Supplement Abstracts Submitted for the 73rd Annual Scientific Meeting of the American College of Gastroenterology: ESOPHAGUS
Purpose: Esophageal disorders are relatively common among patients with HIV/AIDS, especially esophagitis and esophageal ulcers. Infectious etiologies are commonly associated with esophageal ulcers, however many are idiopathic and may result in severe stricture formation. Treatments of the underlying cause, steroids and/or esophageal dilation are conventional approaches to therapy. However there is no standard approach to refractory strictures. We report a case of patient with idiopathic esophageal giant ulcers and esophageal stricture refractory to dilatation, who has been successfully treated with a self-expanding Poly-flex stent placement.

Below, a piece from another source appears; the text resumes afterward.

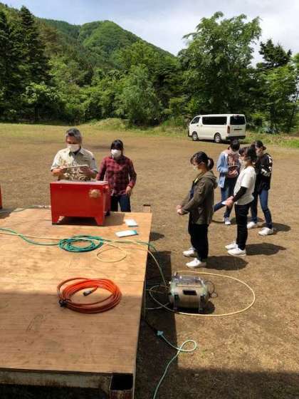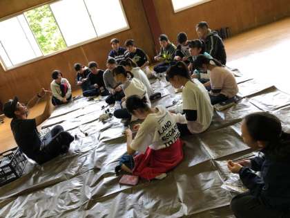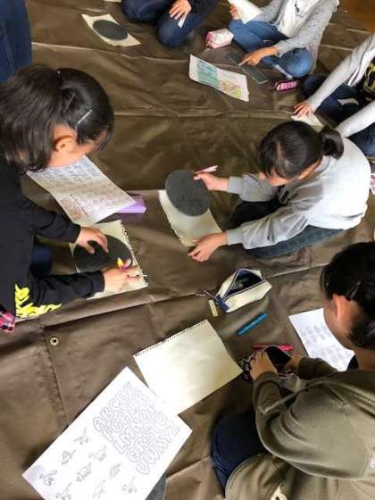カヌー、いかだ作り、サンドブラスト、バードコール・サンキャッチャーを体験しています。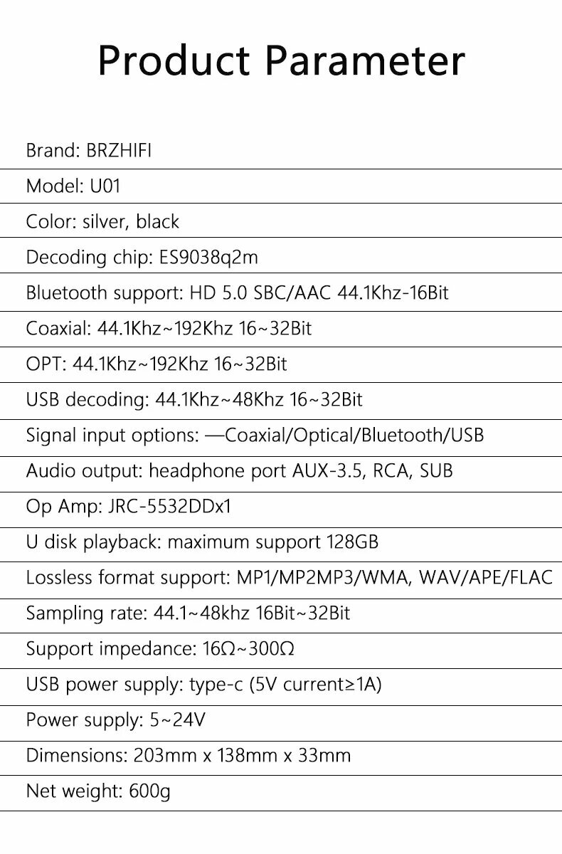 Купить BRZHIFI U01 Цифровой аудио плеер ES9038Q2M, AC 110V-240V

Results: Case Summary: A 35 year old gentleman with HIV/AIDS (last CD4 count of 73) and known history of esophageal stricture presented with continued dysphagia. The patient had been diagnosed with this condition three months prior to this admission and undergone several dilations with no improvement in his symptoms. A percutaneous gastrostomy tube was placed for nutritional support. Biopsies performed on several different occasions were all negative. At the time of presentation he was not able to swallow foods, liquids nor saliva. Our initial upper endoscopy showed food contents in the proximal esophagus and an almost total closure of the esophageal lumen at 27 cm from the incisors, precluding the passage of the endoscope. Multiple attempts to pass a guidewire were also unsuccessful. On a second attempt and under fluoroscopy, we were able to successfully dilate up to 15 mm. Once dilation was performed, two giant ulcers and a small inflammatory polyp were visualized immediately distal to the stricture in the lower esophagus. Interestingly the stricture was 5 cm long and had a dynamic nature. The latter demonstrated by the persistence of severe dysphagia despite a series of subsequent balloon dilatations of up to 18 mm. An alternative approach was chosen at this point in order to provide definite treatment. Using fluoroscopy we endoscopically deployed a 9 cm long by 18 mm diameter removable Polyflex® stent. Additional therapy included a steroid taper as treatment for the giant ulcers and a proton pump inhibitor. The patient had a remarkable improvement of his symptoms, without major procedure related complications. Steroids were initiated to heal the idiopathic ulcers.
Conclusion: Idopathic esophageal ulceratons and strictures are rarely seen in the age of antiretroviral therapy. We report a case of a refractory idiopathic esophageal stricture in a patient with HIV/AIDS that responded well to removable Polyflex® stent placement. Use of removable Polyflex® stents in the setting of refractory strictures in this population prevents repeat dilations and its associated complications.